Dennis followed, still wondering what this was about. He’d managed to get Harvey to admit that the work in question was for a fellow member who needed a database built of various hardcore pornography media. “We’re building a lending library,” Harvey had said. “It’s still in the early stages, but neither of us have the time to build something sophisticated. That’s why you’re here.”

“And you’ll pay me?” Dennis asked. Despite how things were shaping up, he still felt a trifle nervous as he followed Harvey to the front walkway.

“Of course,” Harvey said. He unlocked the door. “Perhaps we can get you to make some money at this as well. How would you like that?”

“I don’t know,” Dennis said.

“If you had an opportunity to make twenty-five grand screwing a dead chick, you wouldn’t do it?”

“I just like to watch,” Dennis said. “I don’t want to actually do these things.”

“Ah! You’re merely the customer, right?”

Dennis shrugged. “I guess.”

“Wonderful!” Harvey grinned. “Come this way, Mr. Hillman.”

Harvey led Dennis through a large foyer to the rear of the house. Dennis could hear the sound of a television and he saw the flickering light of the screen spilling in the shadowed room. Whatever was playing it was either a horror movie of some kind or—

Dennis stopped at the threshold of the room as the image on the large screen TV rolled on. What appeared to be the elderly woman from the necrophilia film was being brutally beaten by two masked men. Her cries of pain were real, genuine. Dennis could tell that the minute he laid eyes on the film. He turned to look at Harvey and as he did so, his eyes rested on two figures lying on the floor like large, bloated lumps.

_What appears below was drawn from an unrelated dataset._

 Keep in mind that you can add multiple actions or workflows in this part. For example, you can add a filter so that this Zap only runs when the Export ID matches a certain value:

Dennis took a step forward and recoiled, his stomach roiling as he saw that the figures were two adult dead males. They were naked, their bodies livid and white. Dennis noticed one had a small hole in the center of his forehead. His eyes were half-open, the lids like droopy shutters. Dennis took an involuntary step backward. “Hey, look, I don’t think this is—”

“You don’t think this is what, Mr. Hillman?” Harvey stood at the threshold to the large den, smiling. The old woman on the large screen TV screamed in pain as something horrible happened to her.

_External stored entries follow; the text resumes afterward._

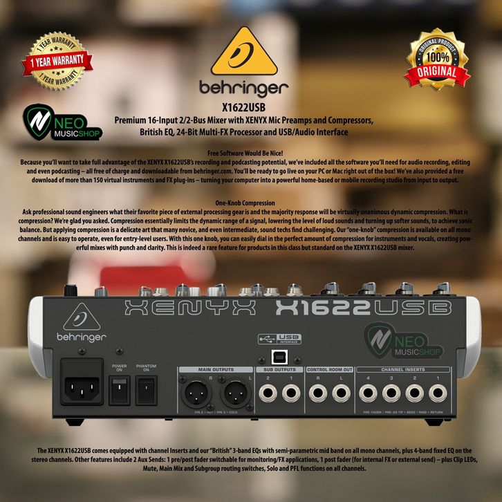 Behringer X1622USB Mixer with Compressors, British EQ, 24-Bit Multi-FX Processor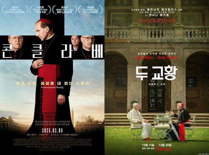 에드워드 버거 감독이 연출한 ‘콘클라베’의 시놉시스와 줄거리도 현실의 상황과 비슷하다. 모두의 존경을 한몸에 받던 교황이 선종하면서 140명의 추기경들이 새로운 교황 후보로 교황청에 모여 감금된 채로 새로운 교황을 위한 투표를 실시한다. 최다득표가 일정 정족수에 달하지 않으면 투표룰 다시 진행한다. 그렇게 정족수를 충족한 최다 득표로 새 교황이 선출될 때까지 후보들은 감금된 채로 무한 투표를 실시한다. 이 영화는 세간에 잘 알려져 있지 않던 교황 선출 과정을 자세히 다뤄 영화계의 주목을 받았다. 특히 신성한 종교 조직에도 예외없는 파벌의 존재, 파벌 간 정치 다툼과 음모, 배신 등을 세밀히 그려 스릴러로서 높은 완성도를 보였다는 극찬을 받고 있다. 동명 소설이 원작으로, 올해 열린 제97회 미국 아카데미 시상식을 비롯한 해외 유수 영화제, 시상식 후보로 이름을 올려 트로피 레이스를 펼쳤다.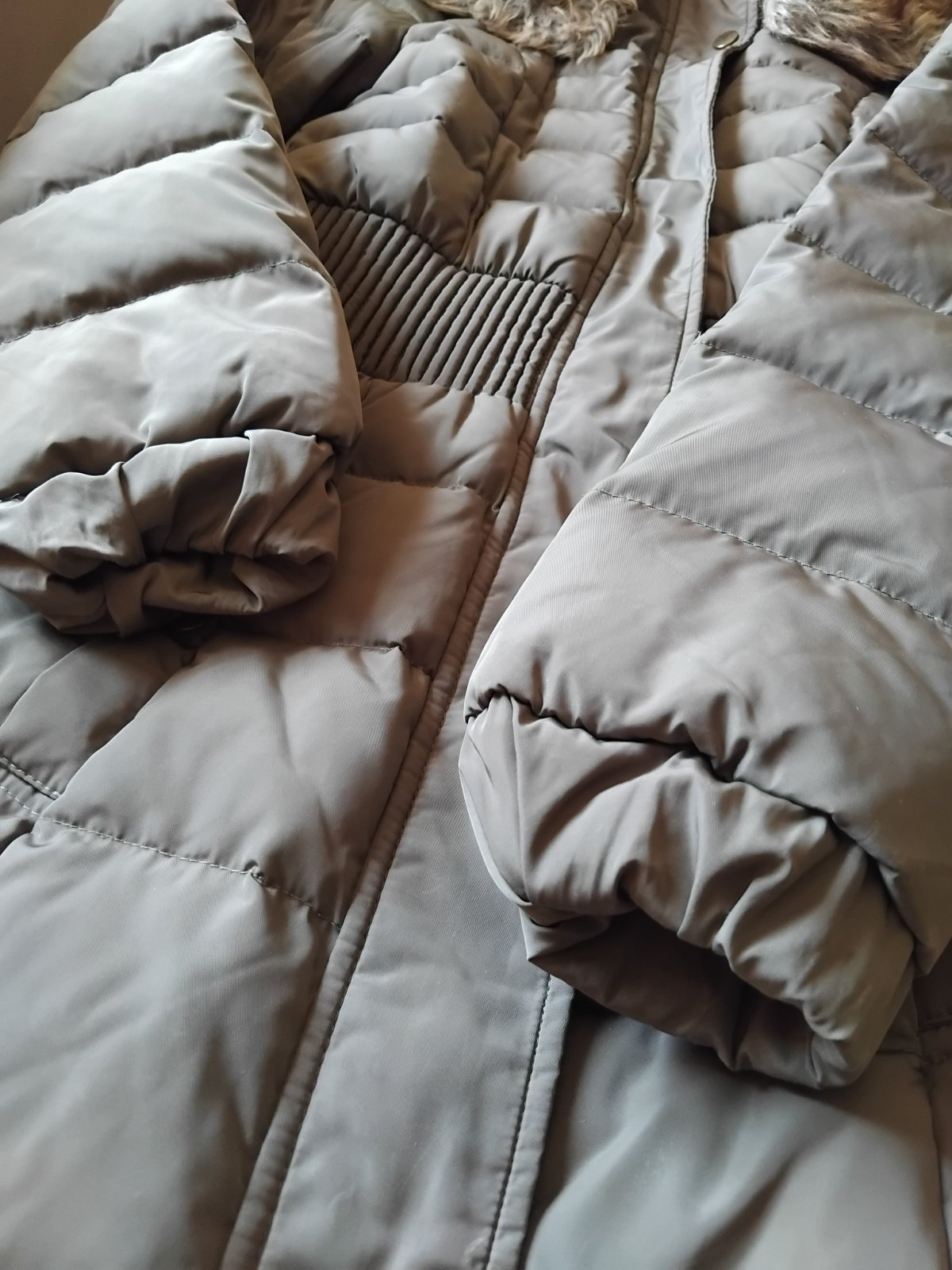 Pekna bunda s malymi nedostatkami, semtam z nej vyliezaju pierka, vzadu mala zarobena dierka. Este posluzi.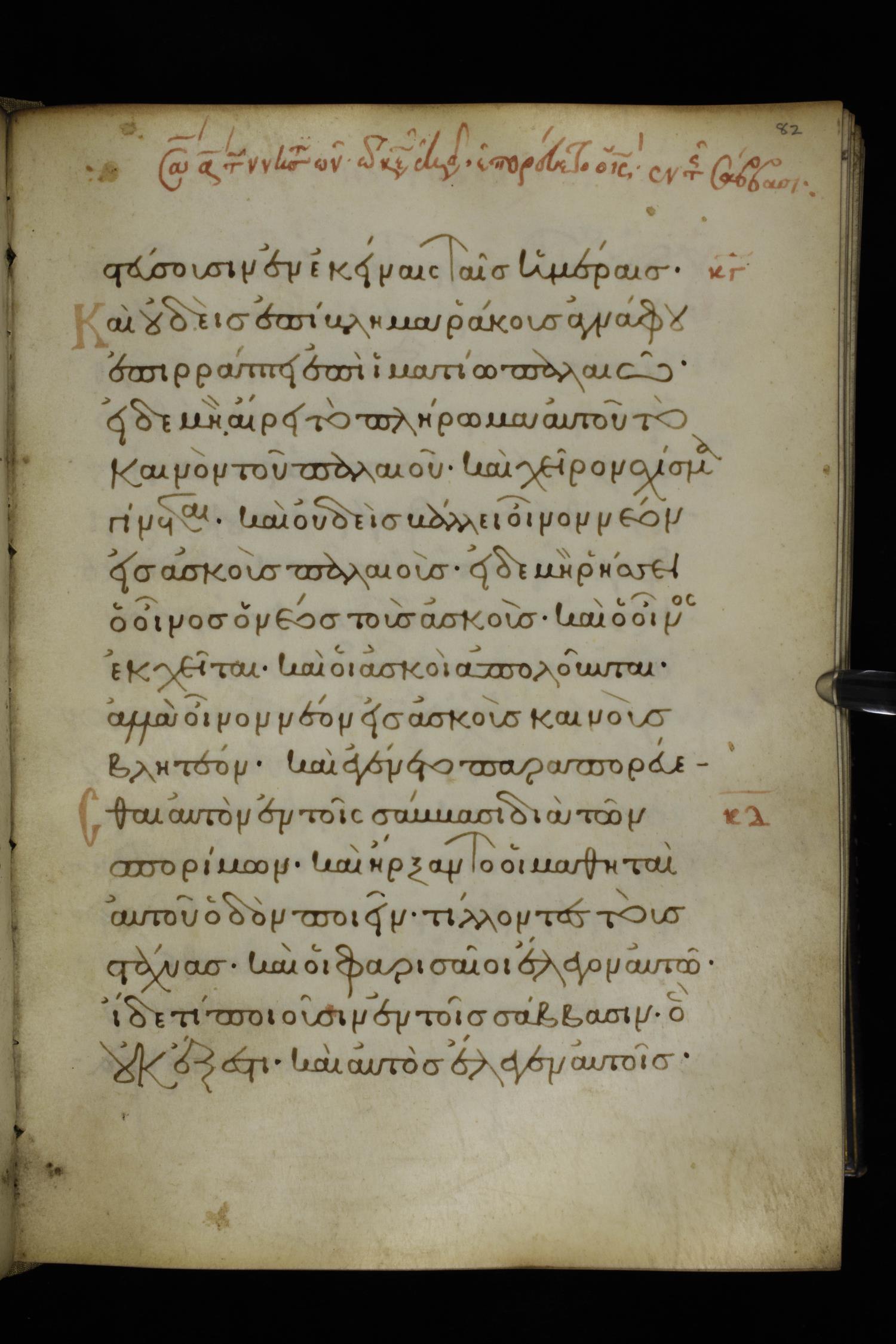 καὶ οὐδεὶς βάλλει οἶνον νέον εἰς ἀσκοὺς παλαιούς· εἰ δὲ μή, ῥήξει ὁ οἶνος τοὺς ἀσκούς, καὶ ὁ οἶνος ἀπόλλυται καὶ οἱ ἀσκοί. ἀλλὰ οἶνον νέον εἰς ἀσκοὺς καινούς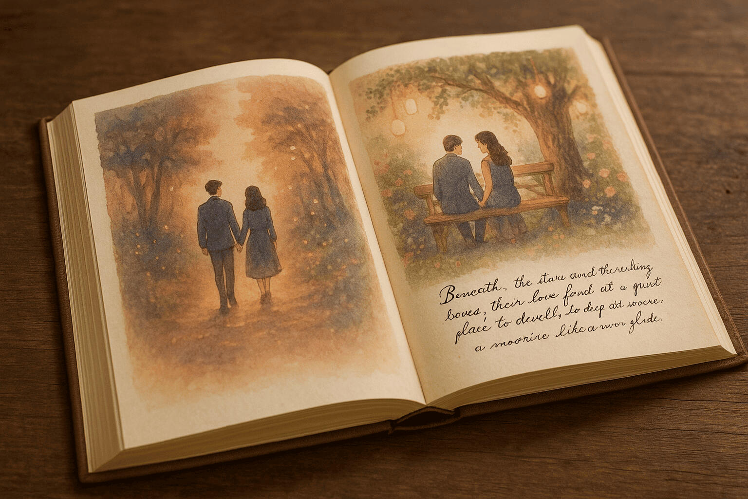 Depois de recebermos suas informações, mergulhamos no que há de mais precioso: sua vivência.A partir disso, criamos uma narrativa única — um conto literário inspirado na sua história real, adaptado com sensibilidade e imaginação. Cada detalhe é pensado para emocionar: os personagens que você descreveu ganham vida nas palavras e nas imagens.Você escolhe o gênero da história e o estilo artístico das ilustrações, ou deixa que a gente te surpreenda com algo feito sob medida, com beleza e cuidado.✨ Porque transformar memórias em arte é o nosso maior dom.

Dennis turned to Harvey, his heart racing. “Those guys …” He couldn’t finish what he was going to say.

“Are dead. Yes, I know that Mr. Hillman. I thought that’s what you liked.”

“I’m not gay,” Dennis said quickly. He wanted to get the hell out of here, but something kept him rooted to the spot.

“Of course not,” Harvey said. “Andy Wilkes, one of the dead men you see there, was very much into young men, though. Take a look at the other one. Surely you’ll recognize him.”

A spike of fear dripped down Dennis’s spine as he took another look at the bodies. One of the bodies was that of a fat middle-aged man with thinning gray hair. He looked familiar … vaguely familiar. He looked like the type of guy who’d be …

Dennis put a hand to his mouth to hold back the scream. “Oh my God! That’s Carl Grossman!” His knees threatened to buckle and Dennis leaned against the wall.

“Yes, that’s Mr. Grossman. He was the supplier. Nice that we have all three of you here, don’t you think? Customer, supplier, and the manufacturer.”

Dennis looked at Harvey. He was shaking so badly. “Wh-wha-what are you talking about?”